突然――それこそ奇襲のようなタイミングで現れた青い体毛の狼っぽい魔獣が吹き飛んだ。


 原因は一発の蹴り。馬鹿みたいに巨大な魔力によって練られた『強化魔法』で強化、否、凶化された脚でわき腹に一撃。


 それによって、魔獣特有の鎧のような青い毛と、鉄のような皮膚、そして鋼のような骨を全て貫き、破壊し、摩擦熱で溶かし、音速を超えた時に発生するソニックウェーブで吹き飛ばしたのだ。


 ――最強の名は、伊達では無い。


「スプラッタ画像顔負けのグロい絵だなぁ……」


 言葉の割には平気なツラをして、代理人は言う。

 それも当然、リリスと相対した生物は彼女がよっぽどの手加減をしない限りどう頑張っても皮膚がずたずたに裂け、内臓が飛び散り、大量の血が吹き出るのだ。もう慣れた。


 かなり昔の話だが、一時期リリスは周囲から赤い髪は返り血で染まったものとか噂され、【血染めの赤】などの二つ名で呼ばれたこともあるとか。


 まあ、勿論赤い髪は生まれつきである。


「……やっぱ、手加減って難しいな」


 赤い最強は、ため息を吐きながら呟いた。


 そして、リリスを先頭に二人はひたすらにアロマスト密林を歩く。


 こんなところに来ている理由は二つの依頼について訊き込みをしたとき、とある情報屋から有力な情報を得たからである。


 ――リオの飼ってるペットがアロマスト密林に入ってくのを見た、という情報と、

 ――アロマスト密林で最近妙に魔獣の出現率が高くなっているという情報。


 これは都合よし、と二人は勇んで密林に出撃したというわけである。


「……確かに、さっきから妙に魔獣とのエンカウント率が高いですね」

「えんかうんと? 異世界語か?」

「遭遇率ってことですよ、今日遭遇した生き物は草食動物十五匹、野獣が五匹、魔獣が三十二匹……明らかに異常です」

「よく数えてたなー、しかし、それは確かに異常だ……一回村長に話しておいたほうがいいんじゃないか?」

「そうしましょう」


 そう言って、代理人は戻ろうと踵を返す。


「おろ? 目印とかマーキングとかしてなかったのによくそんな堂々と歩けるな」

 そんなリリスの疑問に、代理人は澄ました顔で答える。


「貴女が壊した樹や岩、そして獣の死体を遡れば大体わかりますよ」


 見ると、薄暗い密林でもハッキリと判るぐらいにリリスが駆逐しながら通った跡が付いていた。




*****




 翌日。

 代理人は古ぼけたベッドの上で目を覚ました。


 四畳くらいの部屋に布団と小さなタンス、そして座布団もどきが数枚あるだけの質素な部屋。
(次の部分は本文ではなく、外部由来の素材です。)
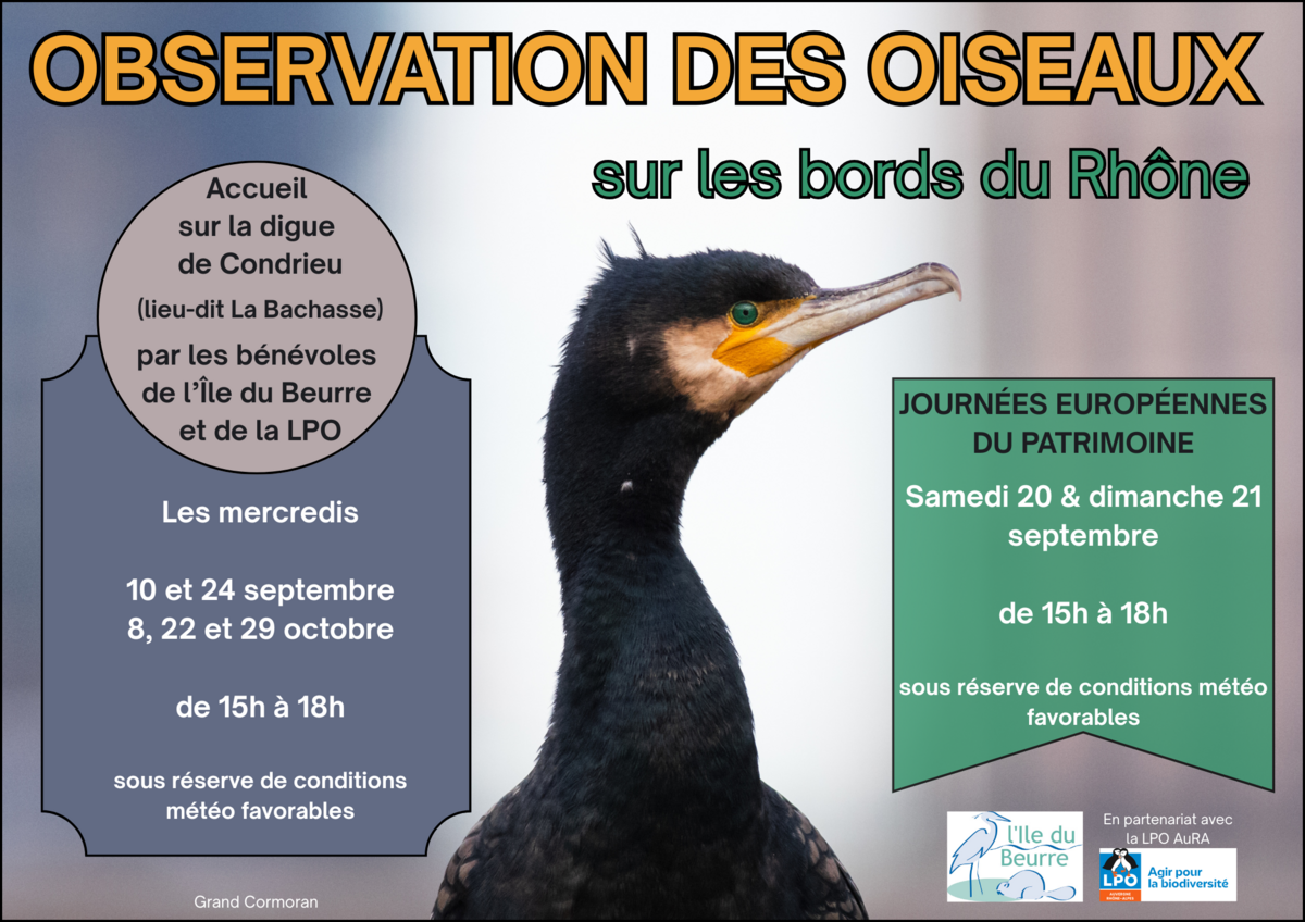 Mercredis 10 et 24 septembre, samedi 20 et dimanche 21 septembre (15h00 - 18h00): observation des oiseaux

 代理屋の隣に位置する宿屋の三階、長期滞在の客用の一室である。


 代理人は寝巻にしている桃色の服(これもぶかぶかで体格は確認できない)を脱ぎ、今日は黄色では無く、青色のぶかぶかシャツを着た。

 ズボンは昨日と同じ色である。


 そして三階から一階に下り、受付のおばさんを呼んで朝飯を頼んだ。


 この宿屋、金を払えば軽い食事くらいなら出してくれるのだ。故に代理人はしょっちゅう朝飯を宿屋で済ませるのである。


「おまちどうさまです」


 しばらくすると、赤色――では無く青色の髪をした一人の美青年がトレイにおにぎりやたくあんみたいな食べ物を乗せてやってきた。
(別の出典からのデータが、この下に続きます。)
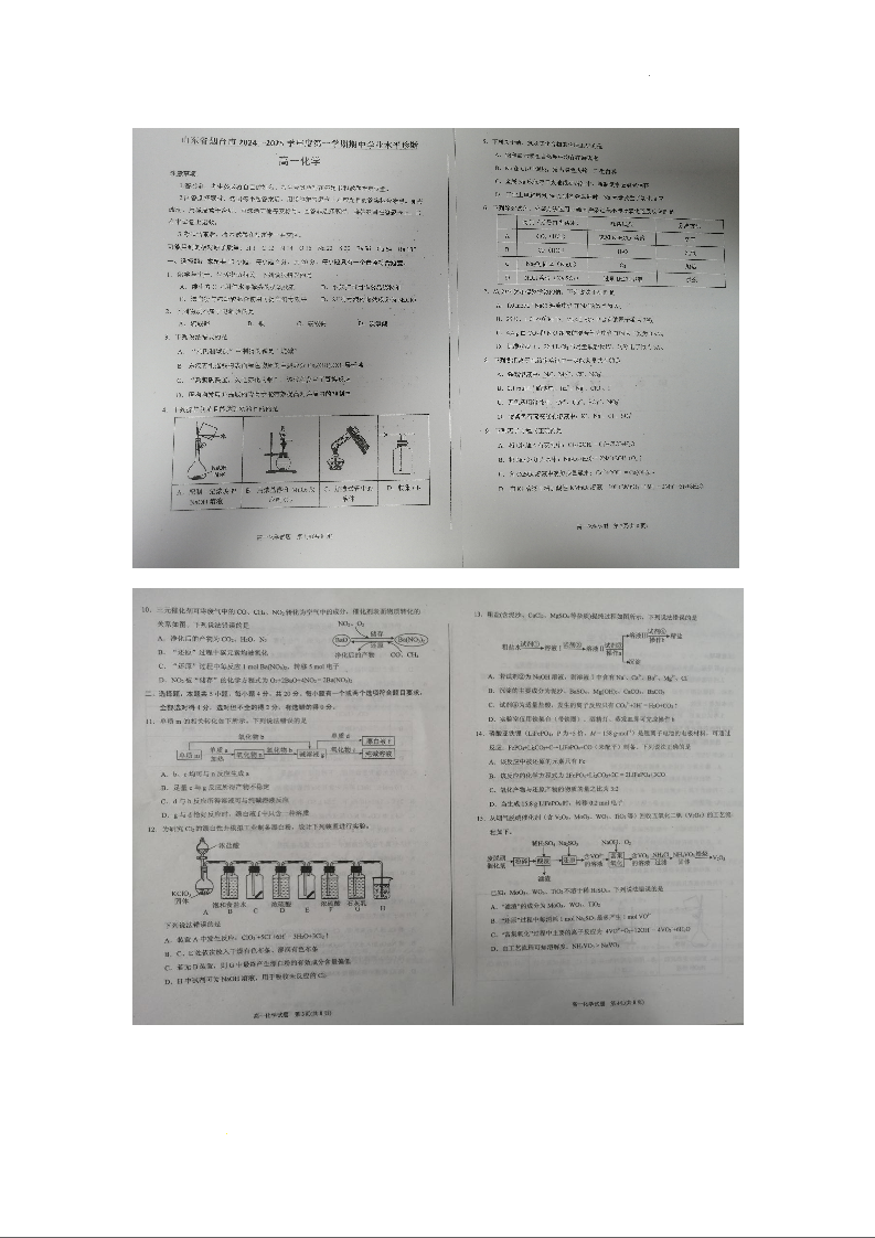 山东省烟台市2024-2025学年高一上学期11月期中考试化学+答案

 異世界に来た当初は、食べ物の見た目が日本と大差なくて安堵したものである。


「ありがとうございます、リリットさん」

「恐縮です。今日もこうして貴女と話すことが出来て……僕はそれだけで三日は頑張れそうです」

「ははは、大げさですよー」


 青色の執事服っぽい服を着た青い青年――リリット・レッドバードは頬を赤く染め、「大げさではありません!」と叫んだ。
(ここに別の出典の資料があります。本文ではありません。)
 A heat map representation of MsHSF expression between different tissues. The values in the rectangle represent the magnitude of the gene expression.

「その艶のある美しい黒髪は人々を魅了し、薄い唇は儚さを醸し出し、若干男の子っぽいところがさらにそそられる! 貴女はまさに……この世界に舞い降りた女神です」


 もうおわかりだろうが、このリリット・レッドバードは代理人に心酔している。


 そして、あの赤い最強との兄妹でもあるのだ。


「まあ……お世辞が上手ですね」

「お世辞などではありませぬ……どうです? この後一緒にお食事でも……」

「今朝ごはんを食べてる最中なのですが……」


 …………どうやら天然らしい。


「で……でわ、散歩は如何ですか?」

「それは素晴らしい提案ですが……仕事があるはずでしょう?」

仕事そんなもので僕の貴女に対する愛は遮ることはできません!」

「……リリットさん後ろをご覧ください」

「え?」


 リリットがゆっくりと後ろを振り向く。


 そこにはリリットとリリスの義理の母、兼、この宿屋の女将――さっき受付にいたおばさんが怒気全開で立っていた。


「……リリットさん」

「は、はい?」

 代理人は冷や汗だらだらの青い青年に優しく語りかける。


「逝ってらっしゃい」

「あああああああああああああああああああああああああああああああ!」


 町はずれの宿屋に若い男の絶叫が響いた。